I have an extensive list of Geonames IDs for which I want to find the matching Wikidata IDs. I would like to use Pywikibot and, if possible, iterate over the list.
The SPARQL query for an individual Geonames ID would be:
SELECT DISTINCT ?item ?itemLabel WHERE {
SERVICE wikibase:label { bd:serviceParam wikibase:language "de". }
{
SELECT DISTINCT ?item WHERE {
?item p:P1566 ?statement0.
?statement0 (ps:P1566) "2867714".
}
}
}
2867714 is the Geonames ID for Munich, and running the query via the following script returns the correct Wikidata ID:
import pywikibot
from pywikibot import pagegenerators as pg
# read query file
with open('C:\\Users\\p70076654\\Downloads\\SPARQL_mapGeonamesID.rq', 'r') as query_file:
QUERY = query_file.read()
#print(QUERY)
# create generator based on query
# returns an iterator that produces a sequence of values when iterated over
# useful when creating large sequences of values
wikidata_site = pywikibot.Site("wikidata", "wikidata")

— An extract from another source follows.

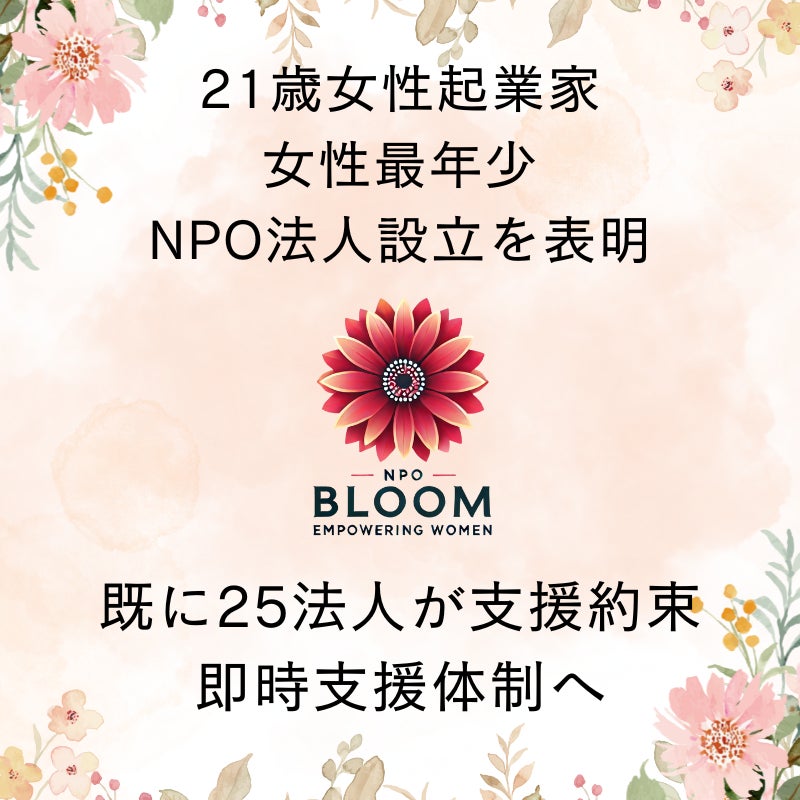 株式会社100COSMEのプレスリリース(2025年3月10日 08時31分)21歳女性起業家・臼田綾 女性最年少でNPO法人BLOOM設立へ  すでに25社以上が支援を表明し、即時支援体制を形成

generator = pg.WikidataSPARQLPageGenerator(QUERY, site=wikidata_site)
print(generator)
# OUTPUT: <generator object WikidataSPARQLPageGenerator.<locals>.<genexpr> at 0x00000169FAF3FD10>
# iterate over generator
for item in generator:
print(item)
The correct output returned is: wikidata:Q32664319
Ideally, I want to replace the specific ID for a variable to add IDs from my list successively. I checked the Pywikibot documentation but could not find information on my specific use case. How can I ingest replace the individual ID for a variable and iterate over my ID list?
First, why do you use a subquery? You can simplify its syntax as:
SELECT DISTINCT ?item ?itemLabel WHERE {
SERVICE wikibase:label { bd:serviceParam wikibase:language "de". }
?item p:P1566/ps:P1566 "2867714".
}
Coming to your question, you can use python's string interpolation for generalizing your query as:
SELECT DISTINCT ?item ?itemLabel WHERE {
SERVICE wikibase:label { bd:serviceParam wikibase:language "de". }
?item p:P1566/ps:P1566 "%s".
}
and then instantiate it as QUERY % "2867714"
.
With a list of ids, it would be something like:
with open('C:\\Users\\p70076654\\Downloads\\SPARQL_mapGeonamesID.rq', 'r') as query_file:
QUERY = query_file.read()
geonames_ids = ["2867714", "2867715", "2867716"]
for geonames_id in geonames_ids :
wikidata_site = pywikibot.Site("wikidata", "wikidata")
generator = pg.WikidataSPARQLPageGenerator(QUERY % geonames_id, site=wikidata_site)
...